GlobNode
The GlobNode is a type of VariableNode that can match multiple successive atoms during pattern matching. A normal variable node can only match a single atom. See glob on wikipedia for a definition of globbing.
Contents
Example
The pattern immediately below, re-writes "I * you" to "I * you too".
(BindLink (ListLink (ConceptNode "I") (GlobNode "$star") (ConceptNode "you")) (ListLink (ConceptNode "I") (GlobNode "$star") (ConceptNode "you") (ConceptNode "too")))
When applied to this:
(ListLink (ConceptNode "I") (ConceptNode "really") (ConceptNode "totally") (ConceptNode "need") (ConceptNode "you"))
it will produce the output
(ListLink (ConceptNode "I") (ConceptNode "really") (ConceptNode "totally") (ConceptNode "need") (ConceptNode "you") (ConceptNode "too"))
Typed globs
By default, GlobNode matches one or more sequential atoms in a list. One may want to match zero or more times, or match no more than N times. This can be accomplished with the TypedVariableLink, together with IntervalLink.
The example below specifies a Glob that must be matched at least twice, but no more than three times:
TypedVariable Glob "$foo" Interval Number 2 Number 3
It makes use of the IntervalLink to specify a numeric interval. This can be used with the usual type specification mechanism. Thus,
TypedVariable Glob "$foo" TypeSet Interval Number 2 Number 3 Type "ConceptNode"
indicates that either two or three matches must be made, and the matching type must be ConceptNode. In place of TypeNode here, it should also be possible to use TypeChoiceLink, SignatureLink, and so on.
Matching an unbounded number of items can be specified by using a negative upper bound, like so:
Interval Number 2 Number -1
This specifies a match of 2 or more times, with no upper bound on the number of matches.
Specifying multiple constraints
By using the TypeSetLink, one can specify a general set of typing constraints. So for example:
TypedVariable Glob "$foo" TypeChoice TypeSet Interval Number 2 Number 3 Type "ConceptNode" TypeSet Interval Number 7 Number 8 Type "PredicateNode"
Which states that there could be either 2 or 3 matches to ConceptNode, or 7 or 8 matches to PredicateNode. The TypeSetLink is used instead of SetLink, to make it clear that its not just any set, but a set of type specifications. Hopefully, that makes it easier to read and understand such expressions. (This might not be implemented, yet. If it is, it might not be tested ... it might be broken!)
Variables as GlobNodes
Proposal: the use of intervals should apply to variables, as well as globs. Thus, one should be allowed to write:
TypedVariableLink VariableNode "$foo" Interval Number 2 Number 42
which would behave exactly the same way as if the variable was declared as GlobNode "$foo"
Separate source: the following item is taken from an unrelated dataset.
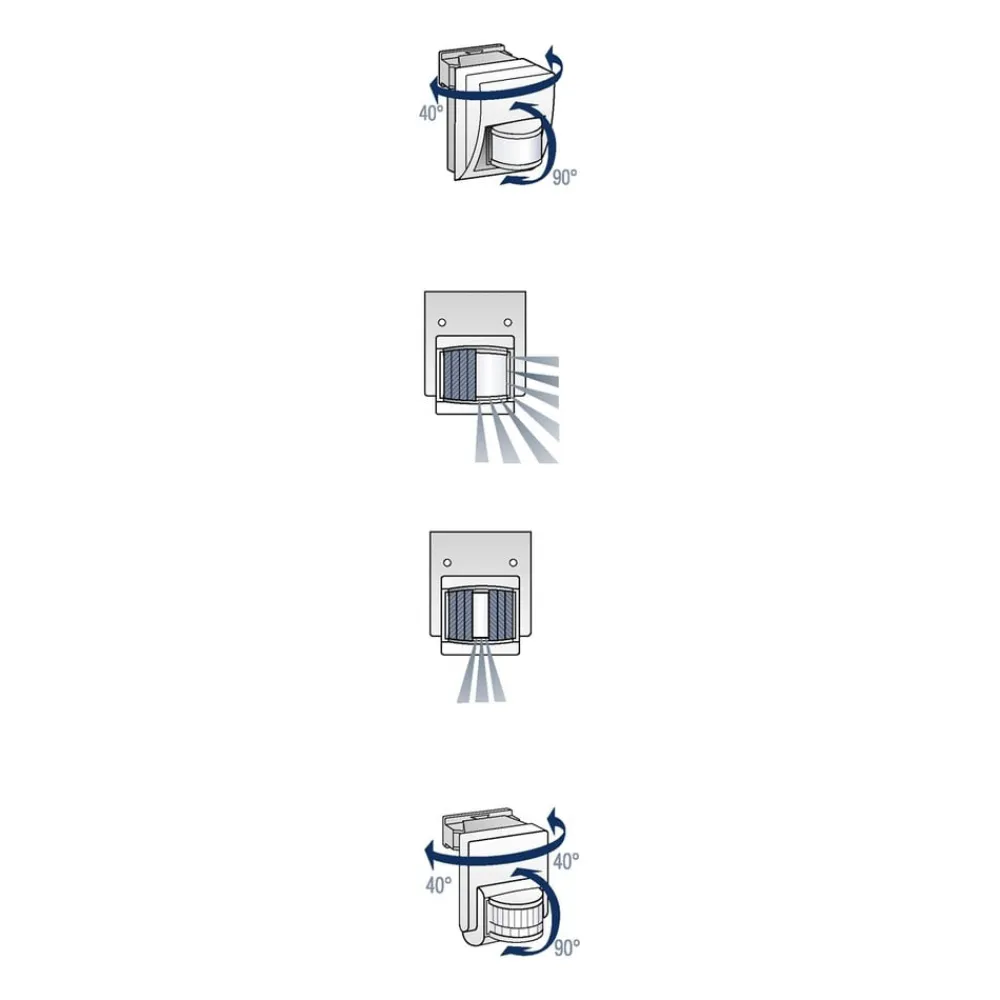 – Detektionsvinkel: 160° med 40° åbningsvinkel

. This is not implemented yet.
If the above was implemented, then the only distinction between variables and globs would be that, by default, variables always match once and only once, while globs, by default, match one or more times.
Greedy vs. lazy matching
Unlike regex globbing, the pattern matcher does not distinguish between greedy and lazy matching; instead, it explores all possible groundings of globs. This is consistent with how other parts of the pattern matcher work: all possible permutations of unordered links are explored; all possible choices of choice links are explored, etc.